The Fleetwood Mac album Stevie Nicks can’t stand: “The tour was very hard for me”

By the 2000s, Fleetwood Mac was basically done. Lindsey Buckingham hadn’t been in the group for a while, and with Stevie Nicks departing after Behind the Mask, Time was the result of one of rock’s longest-lasting bands seemingly going out with a sad whimper instead of a bang.

The classic lineup did have one more ace up their sleeve, though, but Stevie Nicks wasn’t all that satisfied going through Say You Will.

The album arrived carrying enormous expectations. It marked the first studio project from the band’s most famous lineup in years, giving listeners hope that Fleetwood Mac still had one final creative statement left to make.

Granted, it was going to take a miracle to get Nicks and Buckingham into the same room before they even thought about recording. Their physical fight was half the reason why the classic lineup didn’t work anymore, and if he hadn’t maintained some level of control, chances are everything would have been called off.

So, instead of thinking of it as a Fleetwood Mac album, Buckingham had most of the tunes squared away for what would become one of his solo records. Once producer Rob Cavallo got his hands on the tapes, he knew that this had the makings of a proper ‘Mac’ project, especially since he was recording a new version of ‘Bleed to Love Her’ that had turned up on their live album, The Dance

Stevie Nicks - 2014
Credit: Far Out / YouTube Still

Although there is a respectable comeback album somewhere in Say You Will, fans will have to go digging in there to find it. Despite being solid from top to bottom, its only crime is that it’s far too long, which might have been down to every member getting an equal billing on the final product.

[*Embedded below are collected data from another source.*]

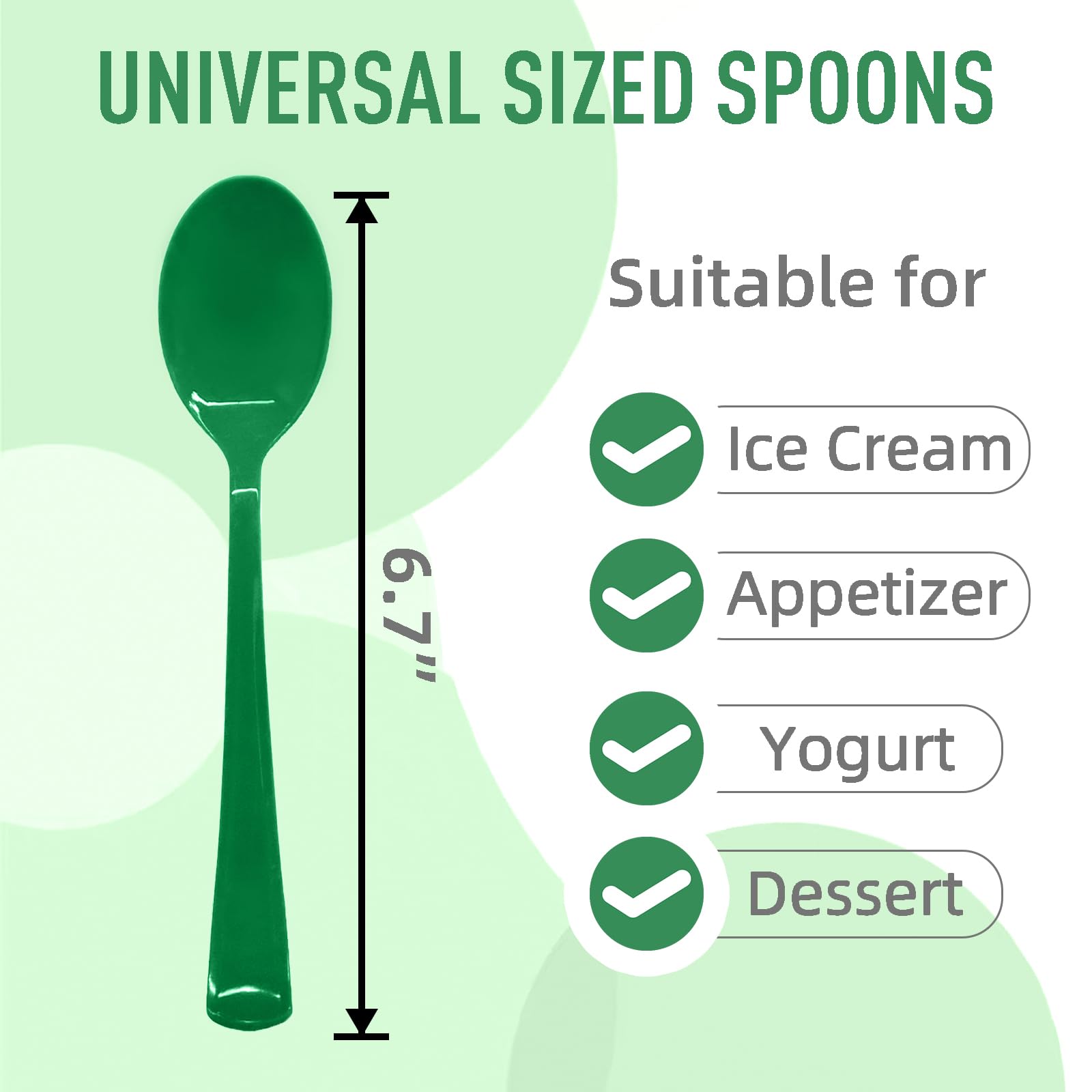 【Sufficient Quantity】: Each pack contains 50 pcs of heavy-duty 6.7 inch green plastic spoons, no need to buy frequently, suitable for family storage, restaurant use or large party activities, easily meet the needs of many people. Offering multiple different color options, they are sure to match your decor.
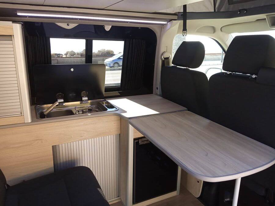 Venta en Alicante. El VW T6 ATLANTIC modelo 2018 posee todas las comodidades para tu viaje. Acabados en madera, una pequeña cocina equipada con nevera. Dispone de 5 plazas para viajar y 2 para dormir. AC en todo el vehículo y espacio de almacenamiento.
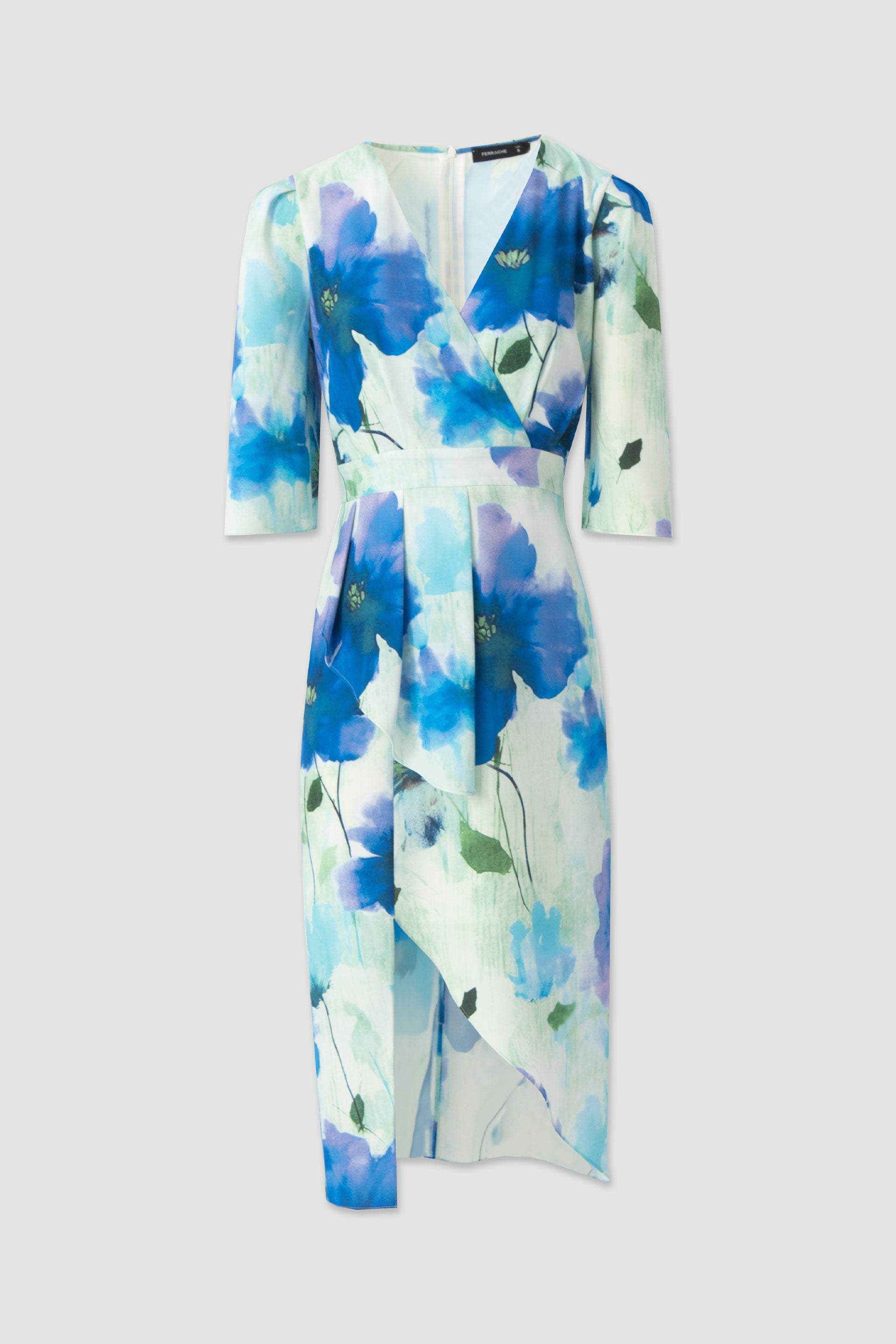 A sobreposição frontal assimétrica cria um efeito delicado e moderno, acrescentando movimento e um toque distinto ao design. O fecho de correr invisível nas costas garante um ajuste perfeito e um acabamento discreto e refinado.
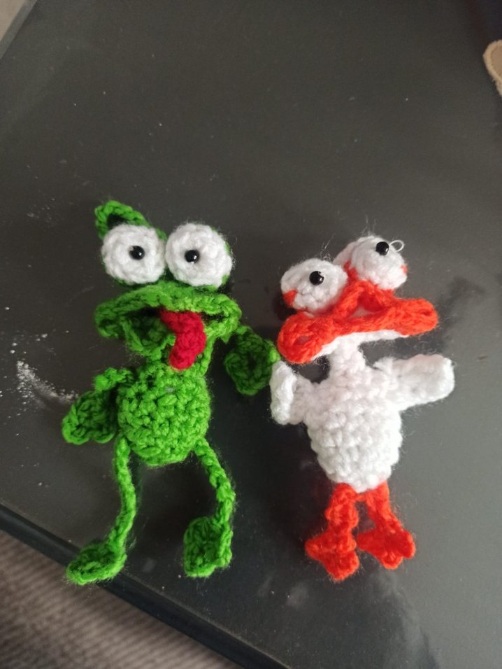 Büyük gözlü, yumuşak ipten yapılmış renkli örgü kurbağa ve ördek figürleri. anahtarlık tek fiyatı
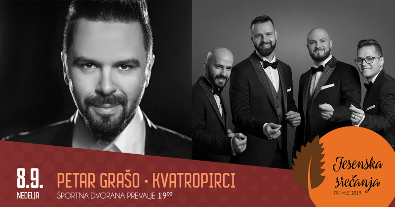 September je tu in kmalu se bodo na Prevaljah pričela 33. Jesenska srečanja. Tudi letos so pripravili pestro dogajanje in nastope vrhunskih glasbenih izvajalcev za vse okuse. Že v nedeljo, 8. septembra 2019 bo koncert na katerem bo nastopil hrvaški pevec Petar Grašo in Kvatropirci. Pohitite z nakupom vstopnic, saj jih je na voljo še zelo malo.

Even Nicks was less than thrilled with the results, saying, “I didn’t like it all. I didn’t like making it; I didn’t like the songs, so the tour was very hard for me.” Then again, that might have been because a huge piece of the puzzle was missing from the road.

As opposed to every tour since the 1970s, this would be the first without Christine McVie on keyboards, which led to a huge hole in the setlist whenever the group played. It also probably didn’t help that Buckingham was getting fairly on the nose with some of his song choices at every show, including adding a song entitled ‘Come’ that Nicks wouldn’t even join him onstage for.

That kind of dissonance is also present on the record. Though Buckingham and Nicks’s songs work great on their own, seeing them next to each other and often back-to-back on the same album tends to feel a little disorienting, as if they made two separate records and decided to smush them together rather than cut the fat off the final cut.

The result is an album that contains plenty of strong material but struggles to establish a unified identity. Rather than sounding like a fully collaborative effort, it often resembles parallel solo projects sharing the same cover artwork.

Given the animosity that was still ongoing in the group, Nicks eventually figured that the group was better off without Buckingham, electing to let him go in the 2010s after one too many dramatic altercations. There’s a good chance that the former couple will be forever entwined in rock and roll history, but Say You Will was the last straw for Nicks in terms of trying to compromise with her old flame. 

Despite its flaws, Say You Will remains a fascinating final chapter in the Buckingham-Nicks story. The album captures two gifted songwriters attempting to coexist creatively despite decades of unresolved history, making it as much a document of their relationship as it is a Fleetwood Mac record.